» Task goal
Every line from the first record below down to the line that includes "浅鍋で具材を炒め、ソースを用" must be reproduced exactly; the pictures are not.

[Opening Material provided section]

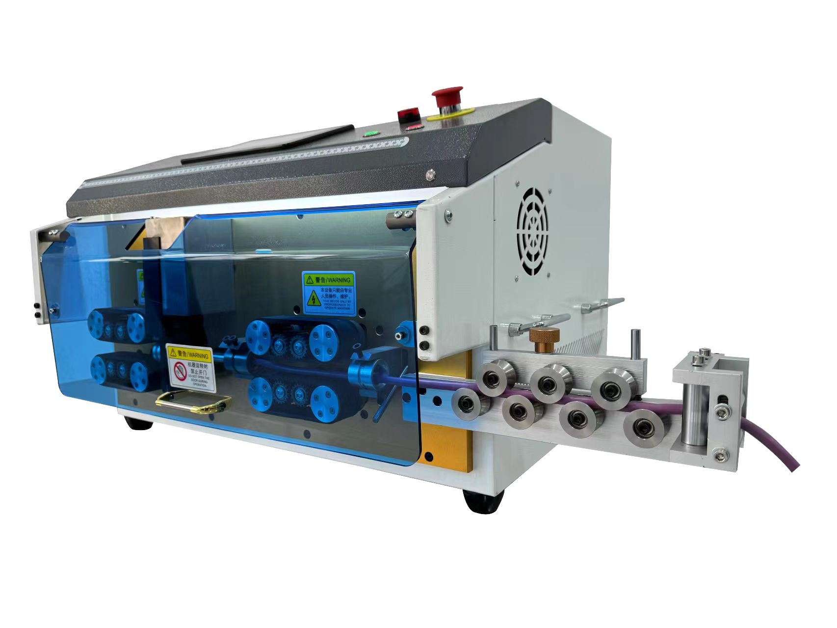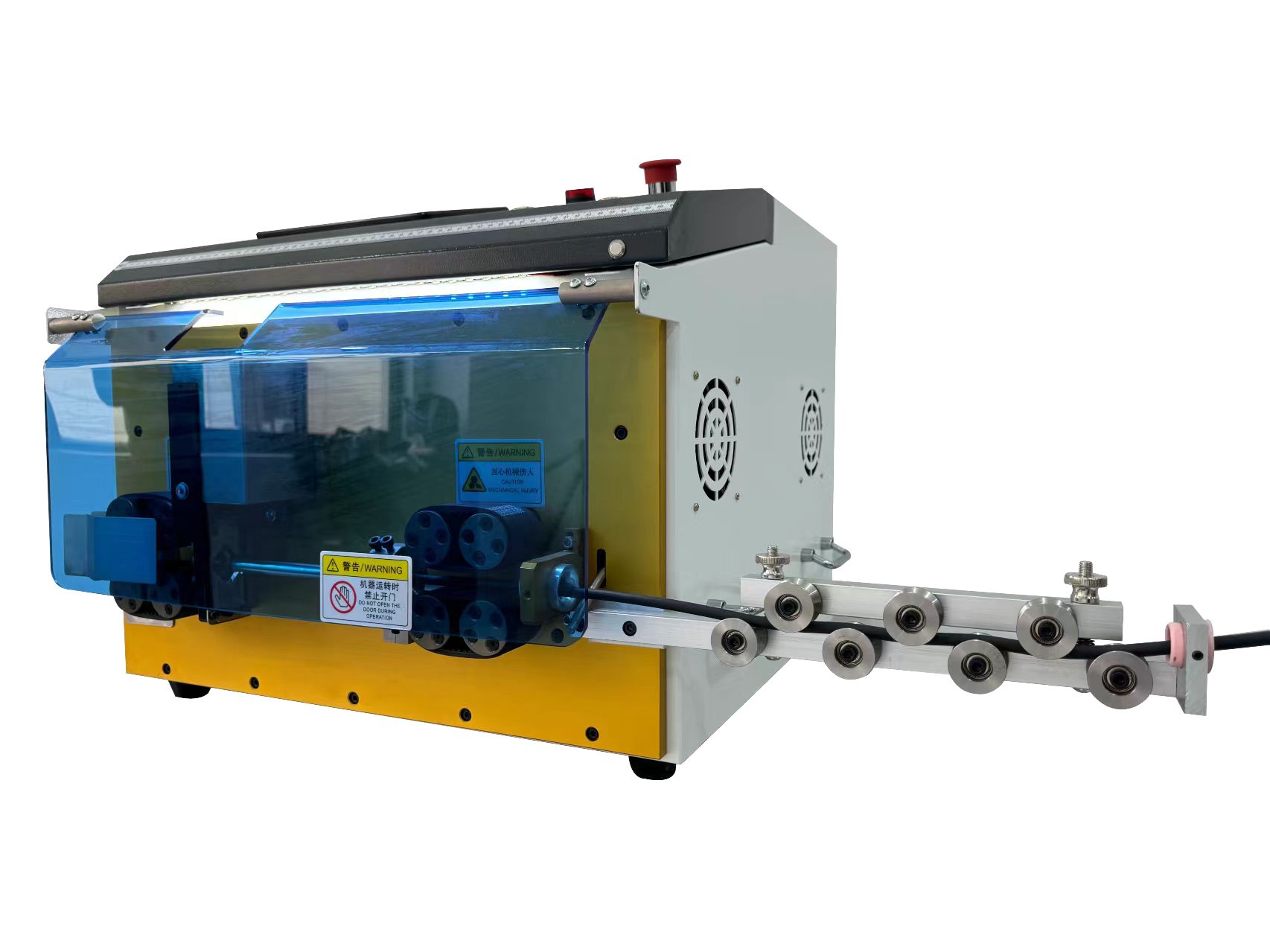 2.本机还带有自动提轮和跳导管功能,自动提轮是指在剥线头时出线轮可以自动张开进行避让,跳导管功能是指在剥线尾时进线导管自动抬起进行避让,从而增加了剥皮长度范围。
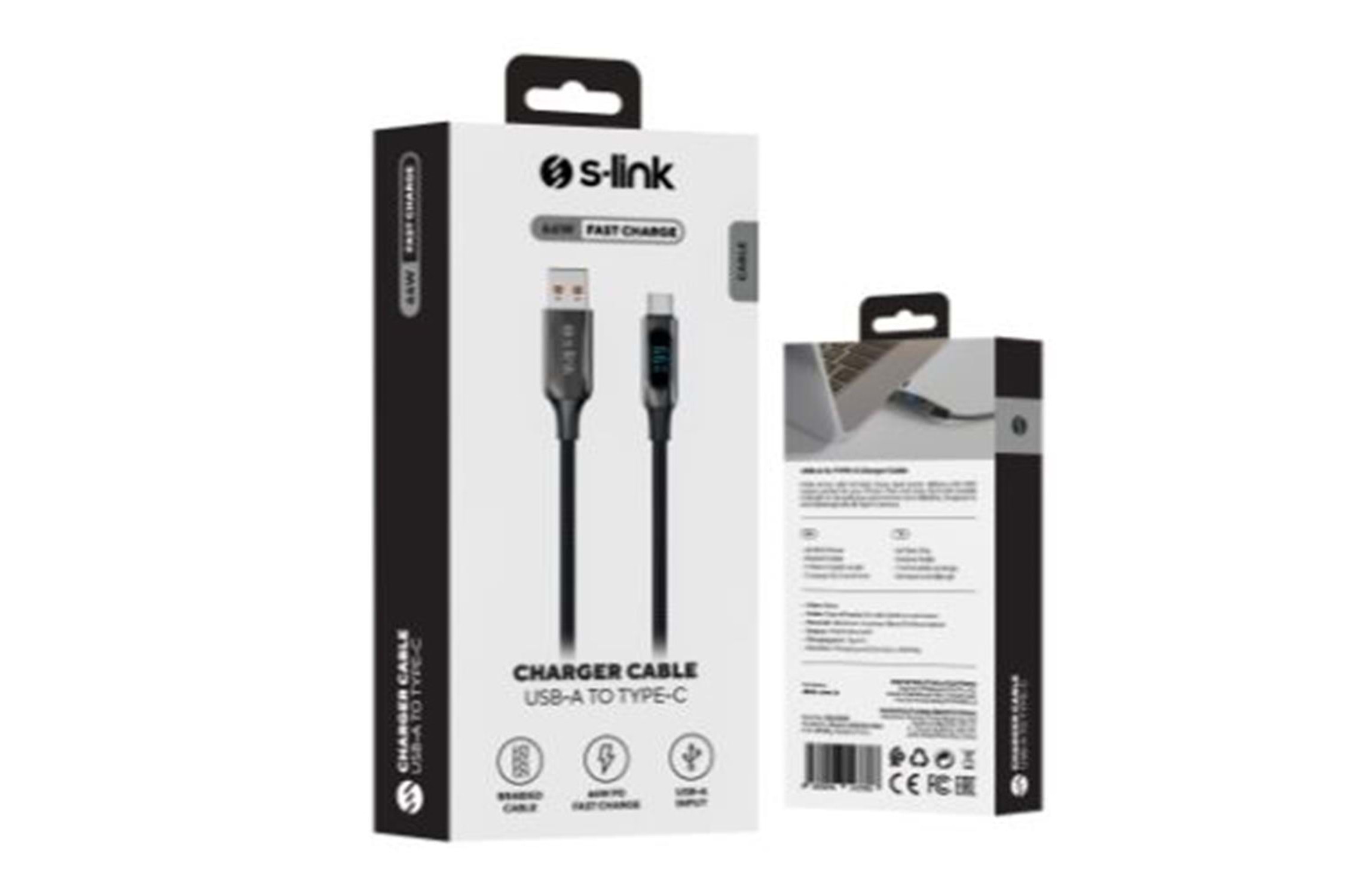S-link Armor LED UC-066 66W 1m USB to Type-C PD Örgülü LED Başlıklı Siyah Hızlı Şarj Kablosu
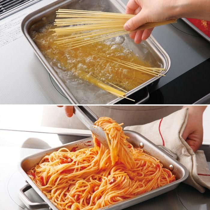 浅鍋で具材を炒め、ソースを用意しておけば、後は茹であがったパスタをトングで移して和えるだけと便利です。
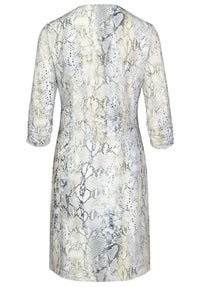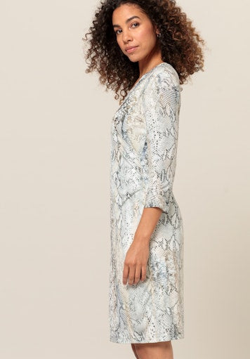 The Bianca Wenke Dress is the perfect blend of style and comfort. Boasting a sensible knee length and flattering slim fit, this dress features a trendy animal print, 3/4 length sleeves, and a V-neck for a touch of sophistication. Make a statement with this versatile piece for any occasion.
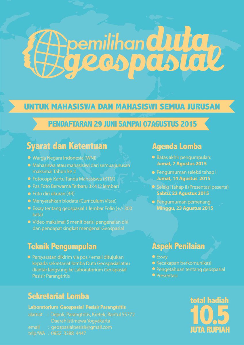 Badan Informasi Geospasial na Twitteru: “Ikutilah ajang Pemilihan Duta Geospasial yang diselenggarakan oleh Lab. Geospasial Parangtritis BIG @labgeopesisir http://t.co/wUSrXg00A5”
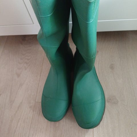 Havaianas støvler i størrelse 38/39. Fargen er blå/grønn, og materialet er vanntett gummi. Støvlene er designet for å gi beskyttelse mot vått vær.
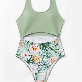 Stilvoller, modischer und funktionaler Einteiler im Crop-Top-Schnitt mit attraktivem floralen Design.
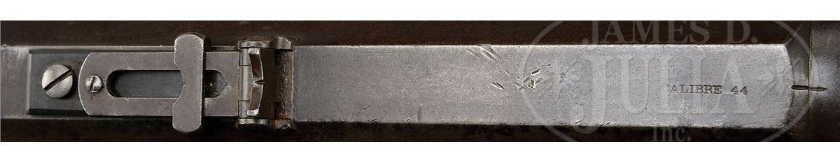 SN 158654. Cal. 44-90 Sharps 2-5/8". Fine heavy Sharps rifle with 30" extra heavy oct bbl, globe front sight with pin & Sharps ladder rear sight. Top flat, forward of the rear sight is marked with the "Old Reliable" cartouche & Brigdeport address. Caliber marking is stamped over the chamber area. Mounted with uncheckered, straight grain American walnut with straight stock and coarse checkered Sharps steel buttplate. Also has double set triggers. All accessible parts are matching numbered including the receiver, bbl, lock plate, trigger plate, buttplate & buttstock. While the forearm number could not be discerned, an impression of the bbl number was completely visible in mirror image. Accompanied by a Sharps factory records letter which identifies this rifle as a Model 1874 Sporting rifle, invoiced at Bridgeport on Sept. 18, 1876 to B. Kittredge & Co., Cincinnati, OH. It is described as being a .44-90 caliber with 30" oct bbl, double triggers, open sights & oil finish stocks and weighed 15 lbs, 14 oz. In the same order were 5 sporting rifles identically configured & all weighing about 16 lbs, along with three 14 lb rifles in .50 cal & 2 business rifles. Dr. Richard J. Labowskie, the owner of the Sharps records, states that the B. Kittredge Co. was a major distributor of Sharps rifles 1876 to 1878 & wholesaled guns throughout the Midwest & Trans-Mississippi West by means of their catalogs & traveling representatives. He states "many collectors consider the Kittredge-shipped Sharps to be western guns, and those of large caliber & heavy weight are particularly associated with the Texas buffalo hunt". CONDITION: About fine, all matching. Bbl retains about 75% of a plummy/brown patina with some fine pitting over the forearm area. Each side of the bbl at the chamber area, has vice marks. Receiver retains traces of silvered case colors with the balance a dark patina. One receiver screw is a replacement and top tang is broken through the front screw hole but is still in place & easily repairable by a competent gunsmith. Lock plate & trigger plate are mottled silvered case colors. Lever has a dark plum patina. Buttstock has a fine hairline and repaired crack in the wrist, otherwise is sound with numerous nicks, scratches & dings and retains about 75% dull, dark, orig varnish. Forearm is missing long slivers of wood on each side, otherwise is sound showing a fine hand-worn patina. Mechanics are fine. Worn bore with good shine and very fine scattered pitting. 4-48285 JR265
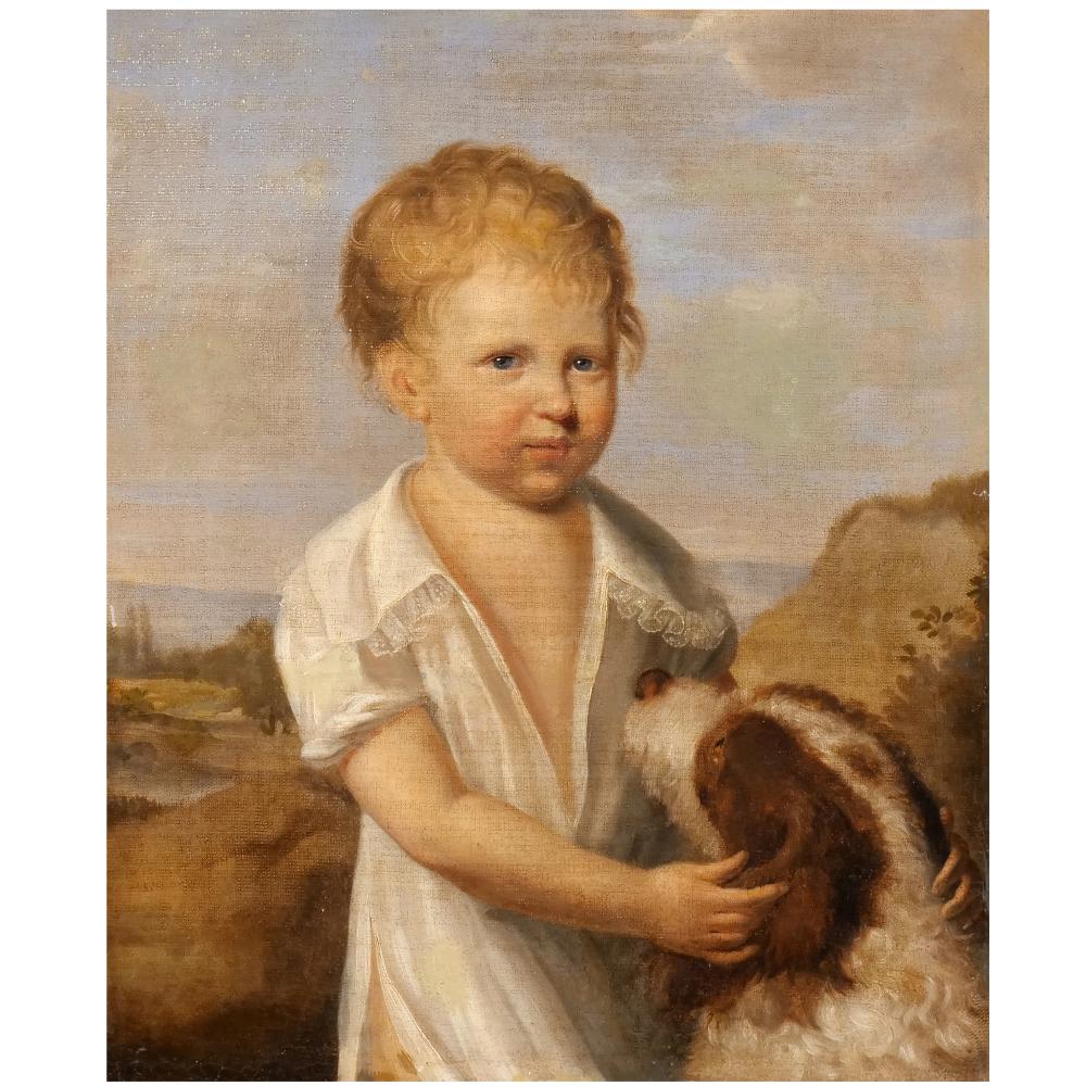 19th Century German School Young Boy with his dog

[Closing Material provided section]

» Expected output
 2.本机还带有自动提轮和跳导管功能,自动提轮是指在剥线头时出线轮可以自动张开进行避让,跳导管功能是指在剥线尾时进线导管自动抬起进行避让,从而增加了剥皮长度范围。
S-link Armor LED UC-066 66W 1m USB to Type-C PD Örgülü LED Başlıklı Siyah Hızlı Şarj Kablosu
 浅鍋で具材を炒め、ソースを用意しておけば、後は茹であがったパスタをトングで移して和えるだけと便利です。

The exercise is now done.